Activity
Leaving out pictures, output exactly the lines below from the one that has "플랫폼 자체의 완성도와" through the one that has "(2019/2017/EU) | D |", and nothing else.

Entries shown
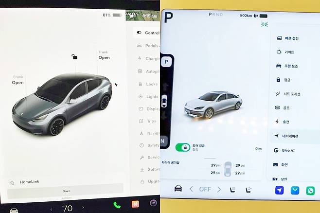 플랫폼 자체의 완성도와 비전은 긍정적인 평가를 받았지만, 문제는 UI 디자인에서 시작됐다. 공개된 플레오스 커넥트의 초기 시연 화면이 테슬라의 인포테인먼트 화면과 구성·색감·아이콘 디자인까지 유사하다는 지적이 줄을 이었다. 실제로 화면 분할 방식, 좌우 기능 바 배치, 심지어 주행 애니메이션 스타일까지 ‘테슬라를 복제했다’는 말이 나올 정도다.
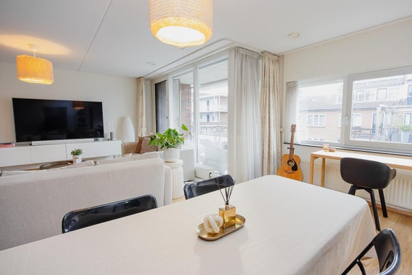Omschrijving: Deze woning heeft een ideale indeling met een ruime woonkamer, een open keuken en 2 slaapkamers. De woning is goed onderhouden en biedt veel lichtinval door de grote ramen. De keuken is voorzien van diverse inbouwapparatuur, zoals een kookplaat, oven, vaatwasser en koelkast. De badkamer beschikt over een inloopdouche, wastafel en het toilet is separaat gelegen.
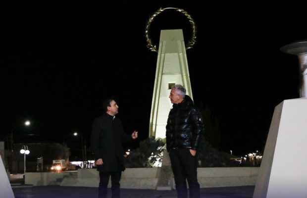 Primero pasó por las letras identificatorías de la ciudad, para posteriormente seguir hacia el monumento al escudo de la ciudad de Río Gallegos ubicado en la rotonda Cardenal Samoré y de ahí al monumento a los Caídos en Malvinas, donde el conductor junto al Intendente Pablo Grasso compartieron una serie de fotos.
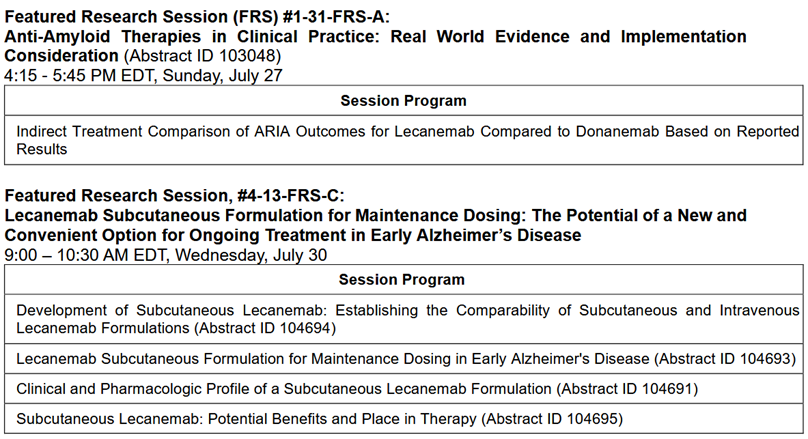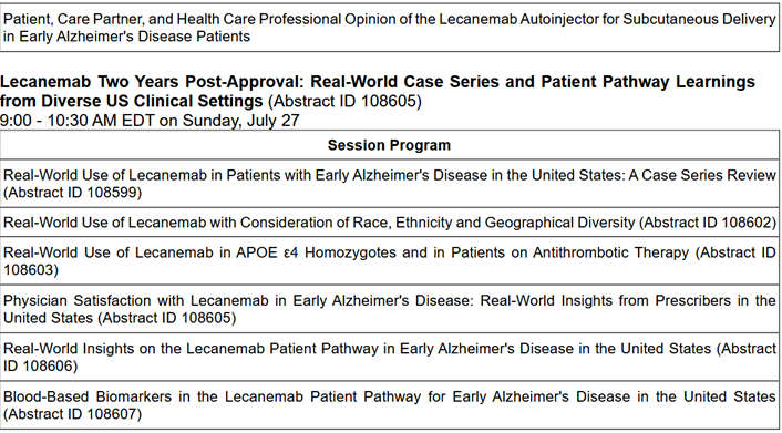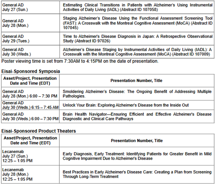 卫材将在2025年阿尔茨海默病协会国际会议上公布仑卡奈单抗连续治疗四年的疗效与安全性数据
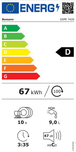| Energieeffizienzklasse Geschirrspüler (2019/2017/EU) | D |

...

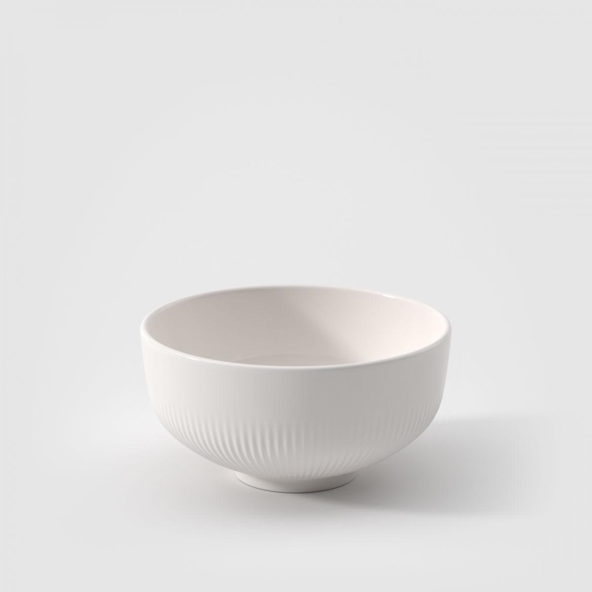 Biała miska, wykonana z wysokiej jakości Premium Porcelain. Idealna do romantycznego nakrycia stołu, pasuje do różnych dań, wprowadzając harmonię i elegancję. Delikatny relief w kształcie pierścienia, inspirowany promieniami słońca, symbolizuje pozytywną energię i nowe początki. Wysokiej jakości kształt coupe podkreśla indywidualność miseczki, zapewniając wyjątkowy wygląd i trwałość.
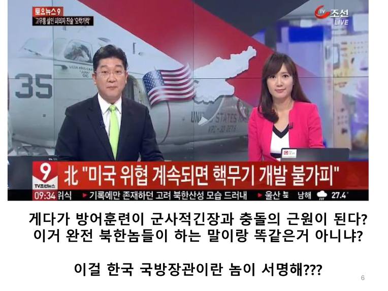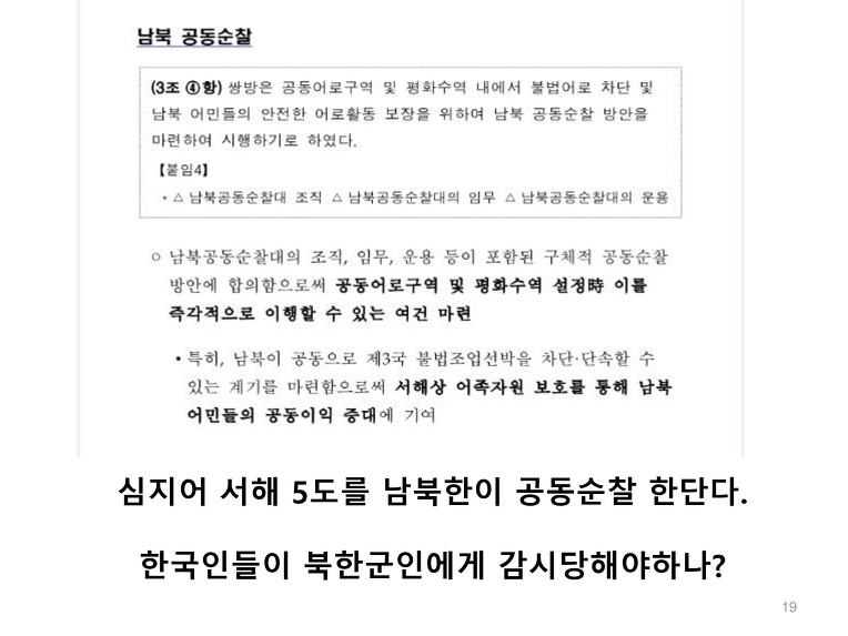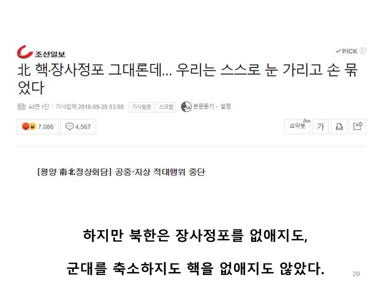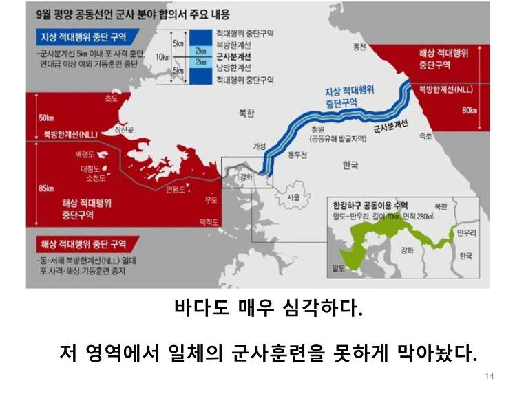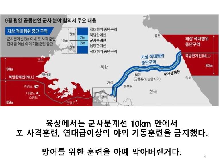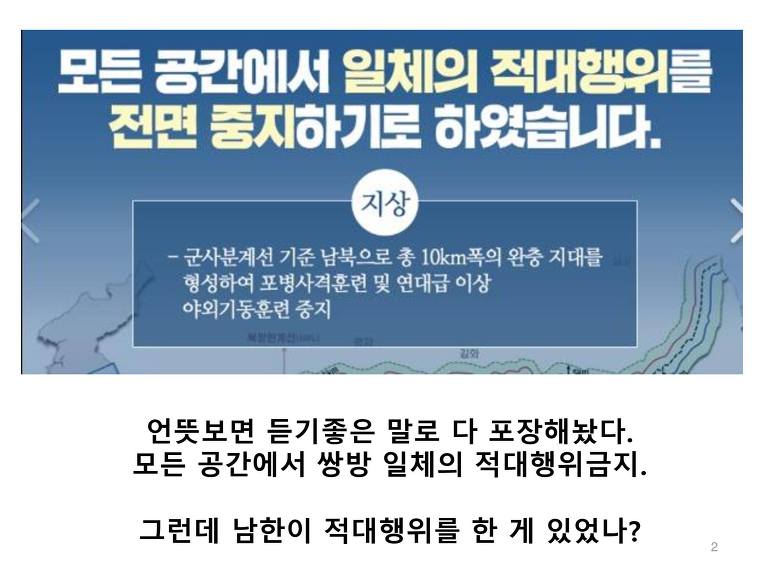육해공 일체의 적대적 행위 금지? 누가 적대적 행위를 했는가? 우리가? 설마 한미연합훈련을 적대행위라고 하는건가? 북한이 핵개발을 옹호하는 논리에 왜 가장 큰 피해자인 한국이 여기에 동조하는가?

---

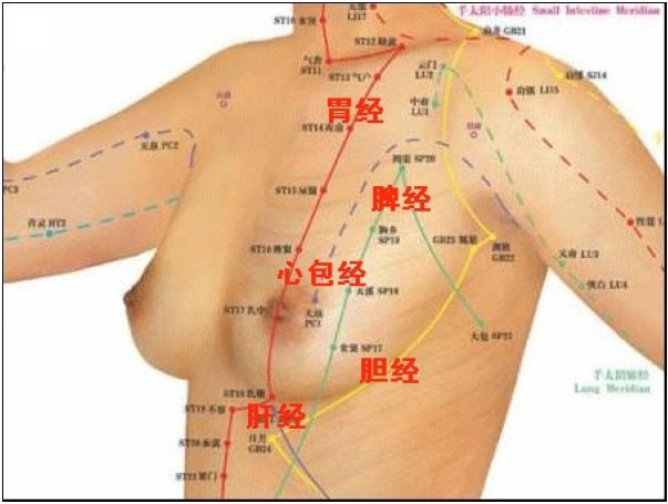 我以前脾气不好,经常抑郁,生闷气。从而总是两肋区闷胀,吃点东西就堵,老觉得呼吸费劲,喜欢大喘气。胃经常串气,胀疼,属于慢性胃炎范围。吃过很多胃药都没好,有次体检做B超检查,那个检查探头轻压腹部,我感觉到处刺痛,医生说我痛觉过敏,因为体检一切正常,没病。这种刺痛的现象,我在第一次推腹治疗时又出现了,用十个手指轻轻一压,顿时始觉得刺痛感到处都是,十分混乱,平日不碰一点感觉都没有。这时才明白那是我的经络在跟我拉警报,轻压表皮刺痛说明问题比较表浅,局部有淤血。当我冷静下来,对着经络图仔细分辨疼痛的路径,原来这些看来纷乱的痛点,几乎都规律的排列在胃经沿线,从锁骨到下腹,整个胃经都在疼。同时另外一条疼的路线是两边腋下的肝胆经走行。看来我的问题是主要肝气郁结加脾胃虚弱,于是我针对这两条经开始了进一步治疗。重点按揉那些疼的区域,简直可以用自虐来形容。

Written response
 플랫폼 자체의 완성도와 비전은 긍정적인 평가를 받았지만, 문제는 UI 디자인에서 시작됐다. 공개된 플레오스 커넥트의 초기 시연 화면이 테슬라의 인포테인먼트 화면과 구성·색감·아이콘 디자인까지 유사하다는 지적이 줄을 이었다. 실제로 화면 분할 방식, 좌우 기능 바 배치, 심지어 주행 애니메이션 스타일까지 ‘테슬라를 복제했다’는 말이 나올 정도다.
Omschrijving: Deze woning heeft een ideale indeling met een ruime woonkamer, een open keuken en 2 slaapkamers. De woning is goed onderhouden en biedt veel lichtinval door de grote ramen. De keuken is voorzien van diverse inbouwapparatuur, zoals een kookplaat, oven, vaatwasser en koelkast. De badkamer beschikt over een inloopdouche, wastafel en het toilet is separaat gelegen.
 Primero pasó por las letras identificatorías de la ciudad, para posteriormente seguir hacia el monumento al escudo de la ciudad de Río Gallegos ubicado en la rotonda Cardenal Samoré y de ahí al monumento a los Caídos en Malvinas, donde el conductor junto al Intendente Pablo Grasso compartieron una serie de fotos.
 卫材将在2025年阿尔茨海默病协会国际会议上公布仑卡奈单抗连续治疗四年的疗效与安全性数据
| Energieeffizienzklasse Geschirrspüler (2019/2017/EU) | D |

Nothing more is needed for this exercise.